Your average doesn't just improve on its own. And it may not even improve with overall increased training volume. Improving your average training days happens through external or internal factors.

External Factors

This is what you can do for yourself that will improve your training:

Hire a coach

You may need a second set of eyes examining what you're doing and improving on your plan. This is especially true if you never change anything in your workouts. Having someone either write a program based on what you can do, or having them with you a couple times a week will help you make the most out of average days.

Eat better

If you want to feel good and actually look better you need to start caring about your food. Eating well, and eating enough to support your goals, will work wonders. This may require tracking for a period of time. It can bring your training to superhuman levels.

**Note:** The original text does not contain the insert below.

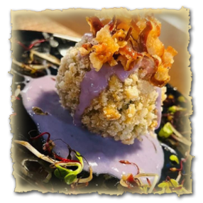 Riso, fior di latte e provola, sedano, carote, cipolla, farina, pane grattugiato, radicchio, gorgonzola, olio di girasole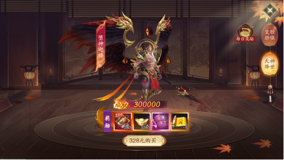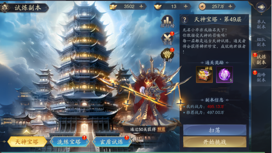 天神是本款游戏pve最重要的一个玩法,天神能够给我们带来海量战力,不仅如此,在pve时我们能够变身成天神,获得超额免伤以及超额攻击,帮助我们更加简单快速地击杀BOOS。天神的获取零氪主要是天神试炼以及天神宝塔,七日活动获取。天神宝塔主要产出进阶丹以及神通。

Focus more on rest and recovery

Prioritize sleep. It affects how well you can do everything else – from training and performance to diet and immunity. Recovery happens when we decrease our stress and allow our body to heal. If we don't have the ability to bring our stress down to a manageable level, we're going to get injured, be constantly fatigued, and live with a lot more 1-rated workouts. Improve your sleep by limiting your screen time before bed and blacking out your bedroom. Aim for 7-8 hours of sleep.

Soft tissue work

From stretching to foam rolling to massage therapy – when used appropriately, it's all good. There's something therapeutic about doing all these modalities. Don't focus so much on increasing range of motion with all of these. The range of motion improvement ends up being minimal. That'll happen naturally, but all of these will allow your muscles to just relax as well. And the regular practice of these will help to decrease stress.

Internal Factors

This is what's going on inside your head – your focus, intention, and perspective on training. This can be just as important as any external factor.

Know your focus.

If your focus is strength, do you have a cue to help you make each rep easier? It could be squeezing the lats in the deadlift, or keeping the tension on your glutes instead of the lower back. And HOW do you plan to do each set? Focus on trying to make the next set feel or look easier than you did the last time. If your goal is bigger muscles, focus on feeling the muscles work during each rep.

Visualize.

Before going for the heavy weights, do you see yourself making the lift? Or do you see yourself failing the reps? Spend 10 seconds before your lift visualizing perfect, aggressive reps. This can make a huge difference in the quality and consistency of your training.

Develop a killer instinct.

Have you ever seen a nature documentary where a lion is hunting a gazelle? What happens? It absolutely decimates the gazelle. Why? He has a killer instinct. Nothing will stop him in this pursuit of the gazelle. By developing that killer instinct in yourself, where nothing is going to destroy your drive or focus, you're going to see your average training sessions improve.

Remember, these average workouts will determine your training future. Don't rely on the perfect days where everything in your life and training lines up. Make the most of your average days, day in and day out, and you'll see that what you used to be able to do on awesome days are now things you can do any old day of the week.